As for Joe, there's no evidence of anything. Evidence. That is: bank accounts, recordings of conversations, messages (to or from Joe himself), living beyond his means, eyewitness testimony, documents, and so forth. All these years of investigation and there's not a scrap of any concrete evidence that he did anything wrong. The obvious conclusion is that he did nothing wrong.

And this is consistent with everything we know about Joe Biden. He's been in national politics for 50 years, and in all that time there's never been even a hint that Biden is money hungry.

But no matter. The Republican playbook works. Even after all these years of doing the exact same thing and never having their investigations pan out beyond uncovering minor embarrassments, we still pay attention to them. Apparently there's nothing to be done about this.

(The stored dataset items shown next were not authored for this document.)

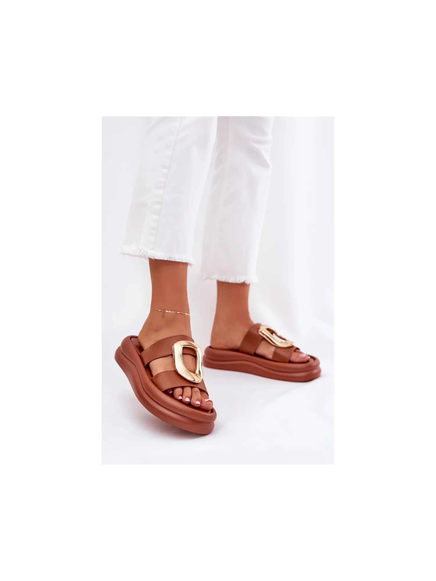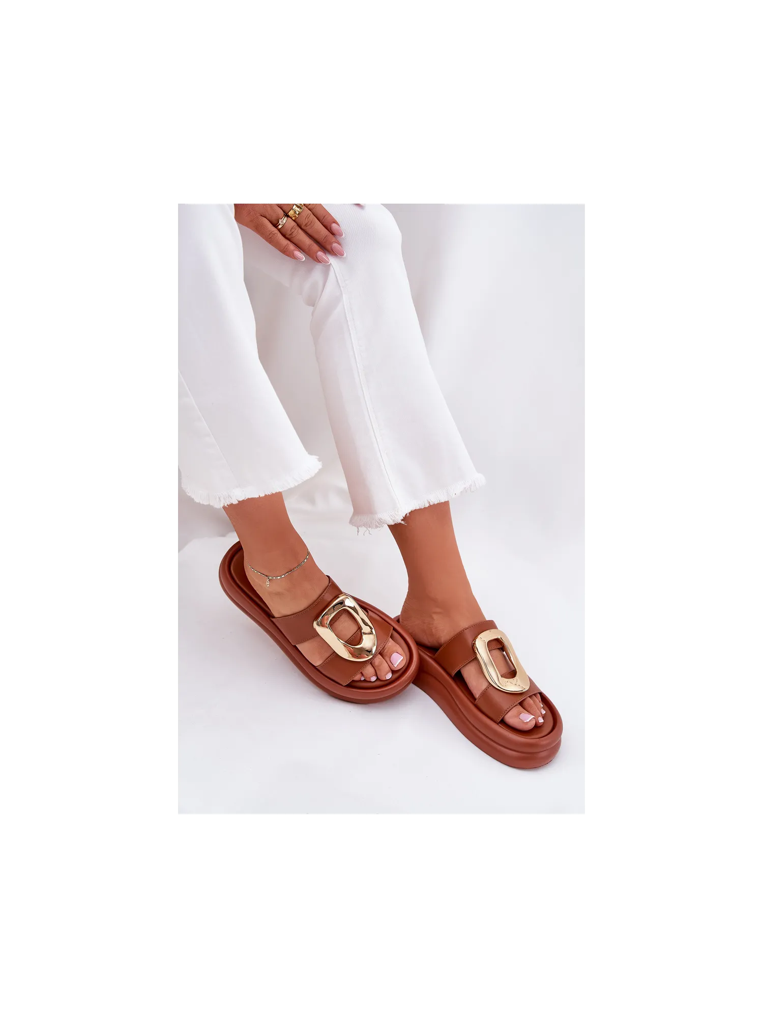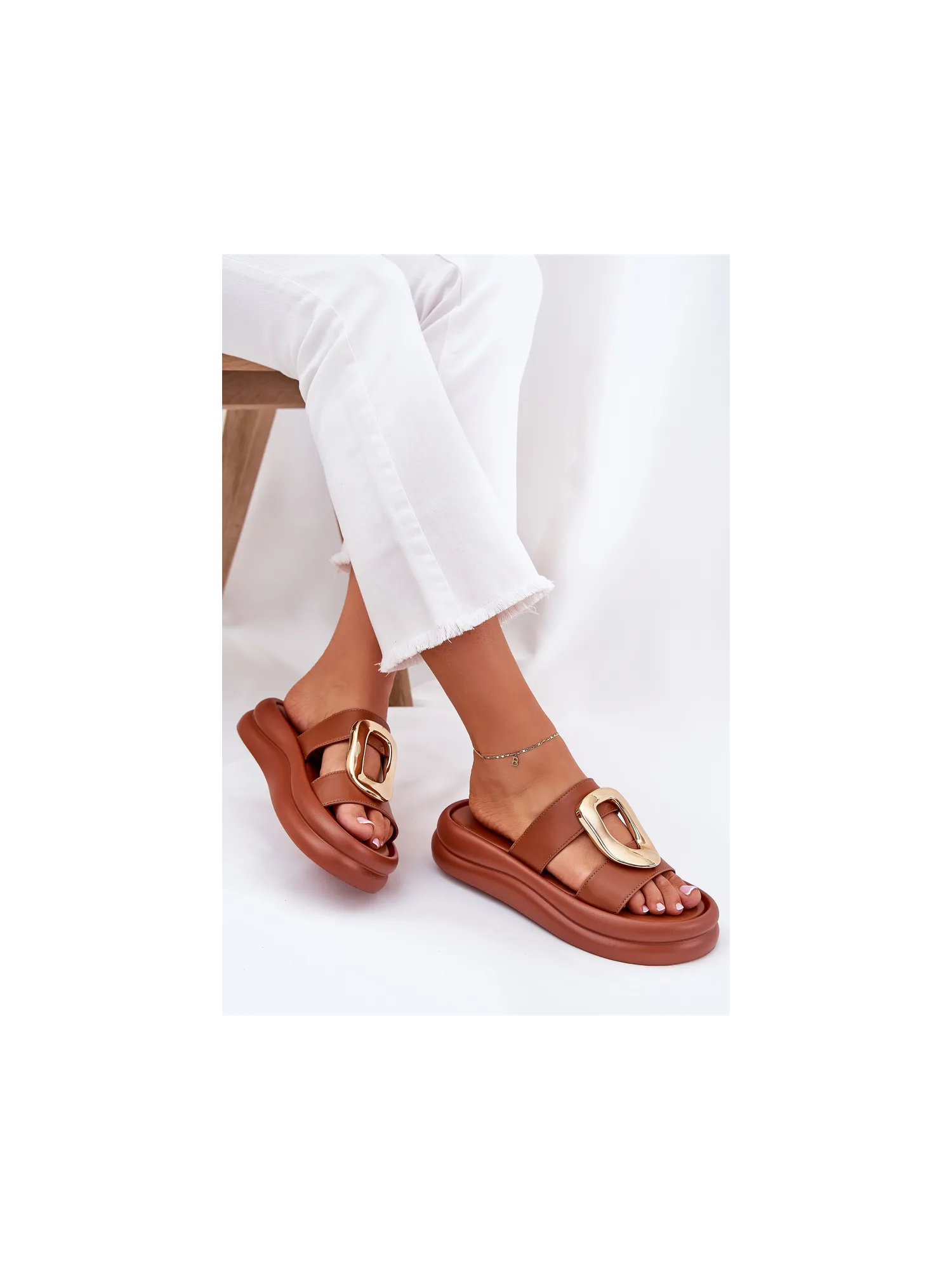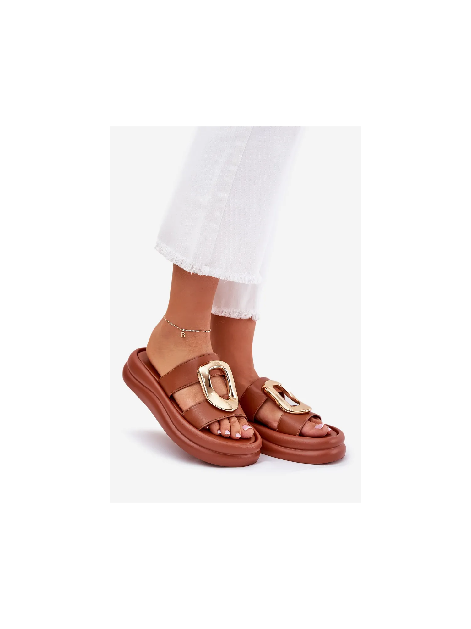 Women's slippers on a massive platform are the perfect choice for those who want to combine comfort with trendy style. Made of eco-friendly leather. Set on a massive platform that provides stability and comfort for all-day wear. This model features a large gold buckle with an adjustable strap. Perfect for summer walks or evening outings. When choosing a size, please refer to the size chart.
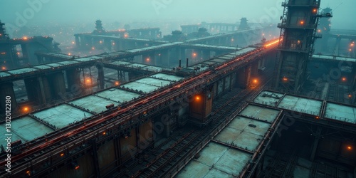 © Nova, Fototapeta premium A sprawling industrial complex at twilight, exhibiting a network of elevated walkways and structures, illuminated by scattered lights, creating a mysterious and atmospheric scene.
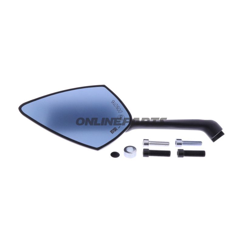Dieser Spiegel wurde entwickelt, um eine verbesserte Seitenansicht von der linken Seite durch eine längere Montagesarm-Anordnung zu ermöglichen, wobei sich die Spiegelposition typischerweise weiter vom Fahrer entfernt befindet als Standardspiegel an der Verkleidung oder dem Schlitten. Die Form ist rhombusförmig, was ein relativ breites Sichtfeld mit schlankem Profil kombiniert, um Luftwiderstand und Konflikte mit Schmutz oder Kleidung zu reduzieren. Der Spiegel ist E-gekennzeichnet, was bedeutet, dass er den relevanten Zulassungen für den Straßenverkehr in Europa entspricht.
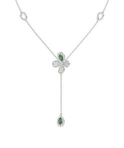 The Floral White Gold Y Necklace is an 18 karat white gold delicate chain with a diamond and natural emerald four-leaf clover at its center. A delicate teardrop-shaped diamond pavé emerald holds onto the clover by a white gold chain.
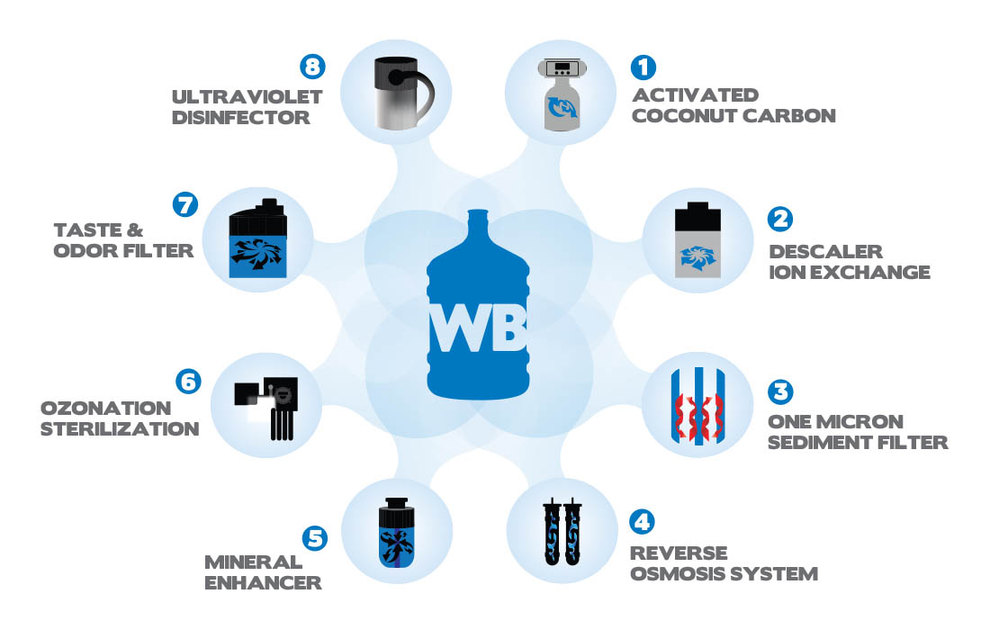 Our system includes carbon filtration, fine sediment filtration, reverse osmosis, mineral enhancement and final disinfection steps to ensure consistent quality with every refill.

Ron DeSantis is edging toward being a full-on vaccine denier:

Lashing out at what he called the “medical authoritarianism” of mask mandates and other anti-Covid measures, DeSantis accused federal health agencies of being “basically an arm of Big Pharma” as they mulled authorizing [new] vaccines as early as next week.

“Pharma will make more money if this thing is approved and they start pushing it on everybody,” said DeSantis, touting Florida’s “freedom” from vaccine mandates.

This is all based on the advice of DeSantis's surgeon general, Joseph Ladapo, a guy who has manipulated data and lied about vaccine side effects in the past. His latest claim is that the newest vaccine variant isn't safe because it hasn't been tested on humans. That's more or less true, but it's true of annual flu shots too. We have enough experience with different versions of the COVID vaccine that we no longer have to spend nine months on a full-blown human trial for every minor new variant.

It's quite the turnaround, isn't it? Two years ago the big gripe was that the FDA was too cautious and hundreds of thousands of people died unnecessarily because it didn't approve the first vaccines soon enough. Now the gripe is that they're moving too quickly.

It kinda makes you think this isn't about COVID at all. People just want to take shots at the big, bad bureaucrats of the FDA, and coming up with a reason is secondary. There's always some reason you can dig up, after all.